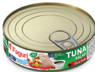
Tuna salad in Asian taste 160g
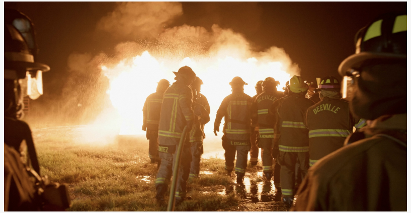
Photo 3 "Odd Hours, No Pay, Cool Hat" DOC (Beeville_FireTraining_04)
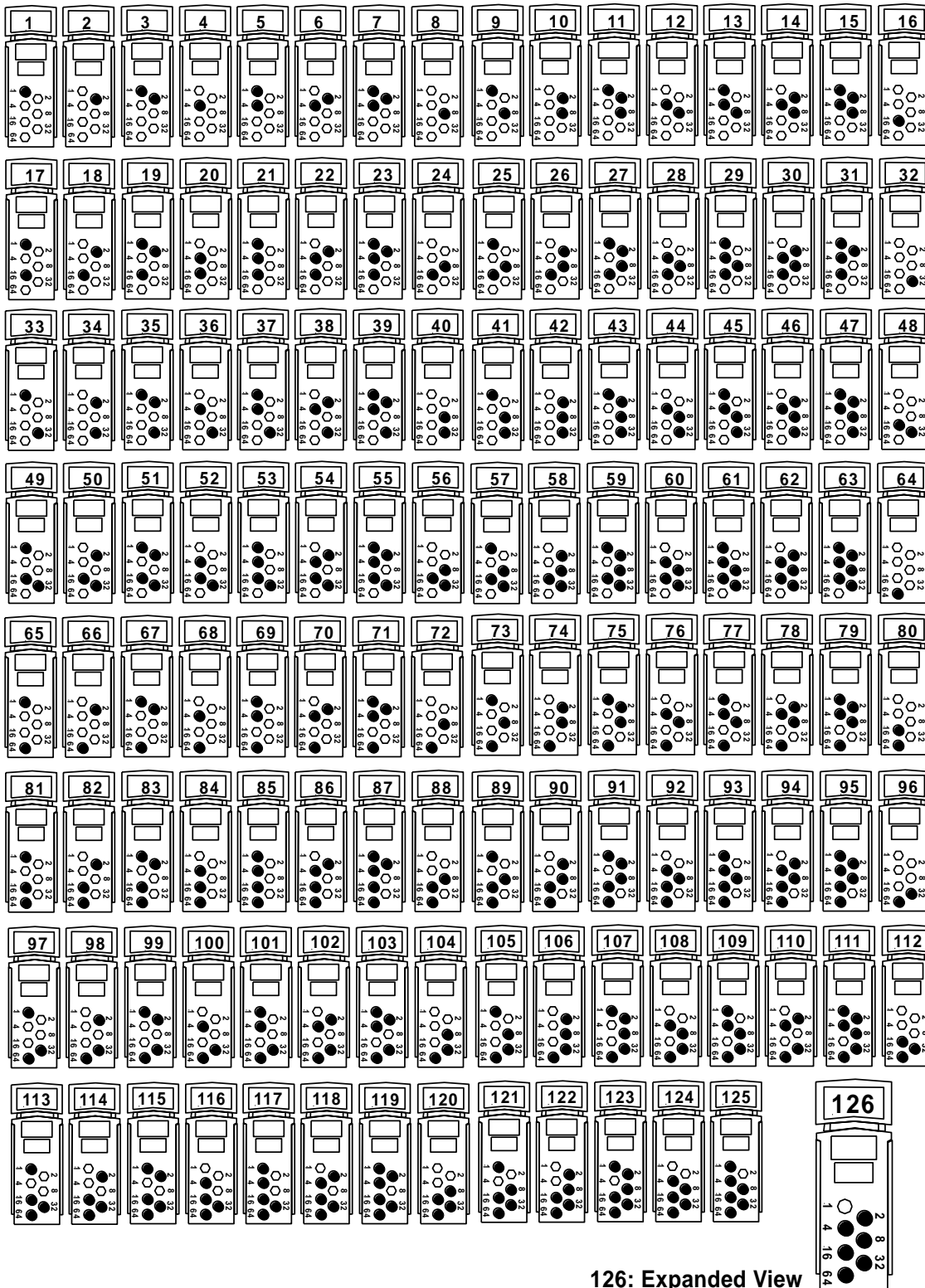
126: Expanded View

Select the desired address and remove the pips indicated in black. Remove pips with a small screwdriver.

# PROBLEM DESCRIPTION
The answer should consist only of the lines from the one with "No Pay, Cool" through the last line of the material above, copied exactly, with no pictures.

# EXERCISE RESULT
Photo 3 "Odd Hours, No Pay, Cool Hat" DOC (Beeville_FireTraining_04)
126: Expanded View

Select the desired address and remove the pips indicated in black. Remove pips with a small screwdriver.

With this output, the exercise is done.